In this week’s materials, Michael Wesch talks about how new social media environments have amplified what he refers to as “the crisis of significance” in education; where in a world of “nearly infinite information” we should be teaching subjectivities, not subjects. Richard Miller challenges us to “push ideas into our culture”, by placing them out on the web, thereby “showing the world what the university is for and that’s for ideas that belong to no one.” Alex Reid expands on Miller’s talk and suggests what needs to happen for digital humanities to thrive. John Seely Brown and Richard P. Adler envision a new form of apprentice learning in which open, online social networks leverage the power of social learning for all participants. Finally, in his TED talk on the child-driven education, Sugata Mitra shares his initial research findings that seem to indicate that “education is a self-organizing system, where learning is an emergent phenomenon.”
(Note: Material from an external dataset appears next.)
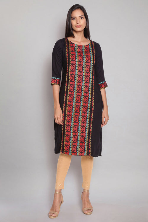 Amp Up Your Casual Wardrobe With This Yarn-Dyed Black Solid kurta In Round Neck. Designed In Straight Silhouette The kurta Has Three-Quarter Sleeves And Gives Regular Fit.
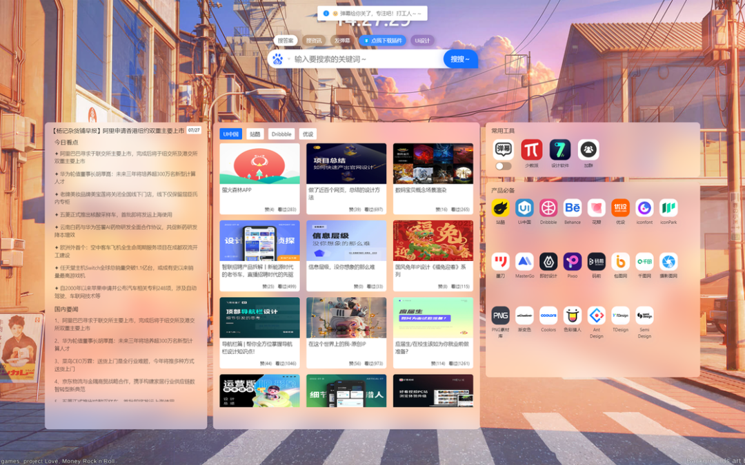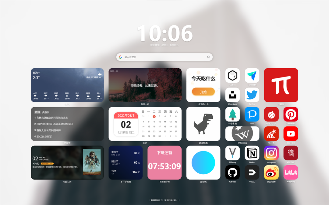 开发的启动页,以「摸鱼」起家,如今更加入了资讯聚合等帮助你在办公室高效内卷的功能

What does it mean to educate in this way—for learners, for teachers, for communities? Who benefits within a paradigm in which collaborative, constructivist sense-making dominates? How does this measure against your own experiences, pedagogical philosophy and future?
When we meet on Friday, we’ll explore examples of student-collaborative and student-generated work. We’ll also finish editing our ‘about the bloggers’ section since next Thursday (September 30th) we will host a discussion in LearnCentral on online learning with our guest speaker, Nicole McClure. We can talk about the kinds of questions we’d like to ask her. We’ll also start brainstorming our classroom project ideas and familiarize ourselves with our wiki.